What immediately catches my ear on this Bad Bunny smash hit (from his 2026 Grammy Album Of The Year Debí Tirar Más Fotos) is the variety of featured delay and reverb effects. I liked the interplay between the two main delay spins, for instance. The first appears at 0:25 (after the word “van”), 0:30 (“dan), 0:32 (“dan”), and then again later at 2:40 (“choco”), and features a tempo-related quarter-note delay time with heavy filtering to favour a low-midrange region around 500Hz. The second, at 0:49 (“oy”) and 1:05 (“esparatá”), by contrast adopts a resolutely unsynced delay time of around 280ms and a filter profile that gives it a brighter tone centred roughly an octave higher around 1-2kHz.

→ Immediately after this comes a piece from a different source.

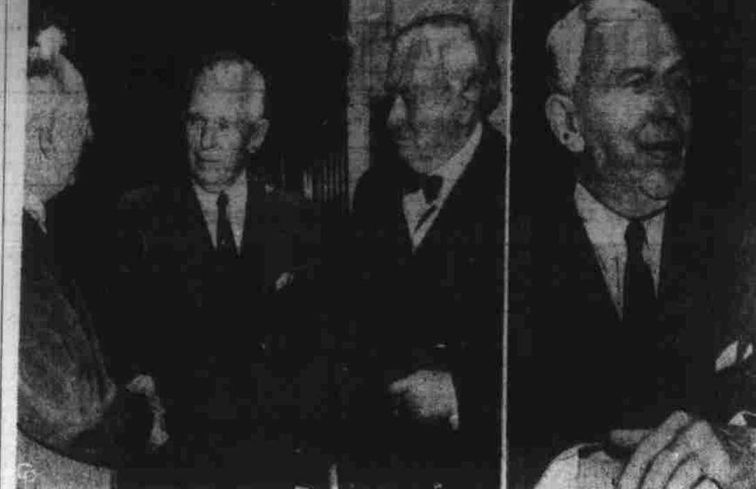
DECLARING THAT THE PROPOSALS OF GEN. DOUGLAS MacARTHUR for a "quick victory" in Korea would risk "all out war with the Soviet Union," Secretary of Defense George C. Marshall testifies (right) before the Joint Senate Armed Forces and Foreign Relations Committee in Washington. Marshall said that Gen. MacArthur was dismissed because, as a local theatre commander, he publicly expressed displeasure with the foreign and military policy of the U. S. At left, Secretary Marshall (center) is welcomed upon his arrival by Sen. Richard B. Russell (left), of Georgia, chairman of the Joint Committee, and Sen. Tom Connally, of Texas, chairman of the Senate Foreign Relations Committee.

Without this variety of tempo relation and echo tone, I think the delay-spin concept might have felt a bit threadbare by the end of the song, so it’s a very efficient way of getting extra value out of a single fundamental production trick. I was also impressed at the musical sensitivity behind the decision not to put the tempo-related delay spin on the word “volver” at 0:34, where there’s just as much room for one as there was after the previous “van” and “dan” phrase-endings, because doing so leaves a kind of unresolved-expectation ‘gap’ that’s beautifully filled by the return of the song’s opening electric piano-style melodic riff.
And, speaking of that riff, it also provides one of my favourite reverb effects in this production: an understated, cloudy-toned effect tail that nonetheless provides a subtle rhythmic ‘bounce’ that really lifts the part. I’d guess that this has been achieved either by preceding the reverb with an eighth-note delay, but it might also simply be an equivalent reverb predelay of around 250ms. The main lead-vocal reverb is also noteworthy for its comparative brightness, such that it becomes more of an overt feature of the vocal sound. Despite its brightness, though, it’s in no way ‘hissy’ and doesn’t ricochet off the consonants in the way the bright reverbs of the 80s often did, so I’m assuming that there’s some heavy de-essing on the reverb send in this case. And, again, the musical ‘value’ of this effect is boosted, this time by virtue of effect-level changes such as the abrupt reverb-tail cut-off at 0:48, the (less common) dramatic reverb-level riser at 1:38-1:41, and the contrast between the wetter, more expansive sound of the lead vocal’s primary reverb, and the drier, more naturalistic ambience presentation during the group-vocal section at 1:41-1:54.
A third good example of maximising the value of standard-issue effects can be heard on the words “Debí darte más beso’ y abrazo’ las veces que pude” at 1:27-1:31. Here the clearly off-kilter tuning becomes a deliberately attention-grabbing feature, given how heavily Auto-Tune (or its ilk) is clearly being used throughout the production as a whole. Yet again, the producers are making hay with the idea of creating contrast between two different uses of the same effect.
A couple of technical decisions are worth considering besides all this. The first is the heavily clipped master (even on my hi-res Qobuz FLAC), where the drum hits regularly deliver flat tops well over 100 samples wide. However, the moderate amount of low-bass energy within both the drums and the bass means that these periods of clipping remain well-contained perceptually within the drum hits, where the distortion artefacts are then kind of ‘hidden in plain sight’ amongst the groove’s other lo-fi percussion elements. So while I’m sure there are plenty of mastering engineers who’d suck (or maybe even grind!) their teeth about the clipping on principle, I have to say that I think it’s been quite elegantly handled here.
And the other interesting decision is the abrupt edit that ends the song without warning, rather awkwardly just catching the initial ‘snick’ of some new percussion hit. Mind you, I’m not trying to say that this ending should have been smoothly faded, because anything unexpected like this has an inherently ear-catching quality in itself. What’s interesting to me, though, is that there feels like something of a parallel between this ending and the sudden lead-vocal mute at 2:49, where the word “foto” is truncated to just “f-”, again a move that creates surprise by virtue of a sudden halt mid-flow.
Oh, and one final little thing to flag about the lead vocal track: the vocal plosive ‘pop’ on “por” at 2:12. In practice, most unwanted plosives can be tamed with careful region-specific high-pass filtering, since they’re typically just a huge low-frequency level spike. If you don’t do this early enough in the processing chain, though, there’s a danger that the powerful low frequencies will trigger distortion in your pre-filter processing (or by overloading the recording media itself), and that this distortion will then remain audible despite subsequent high-pass filtering. And I wonder whether that might be what’s happened in this case, where you can clearly hear the syllable popping, even though there’s no low-frequency spike to speak of. To be fair, though, some strong plosive wind-blasts can also generate significant turbulence noise in addition to their low-frequency components, so that might also be what we’re hearing here.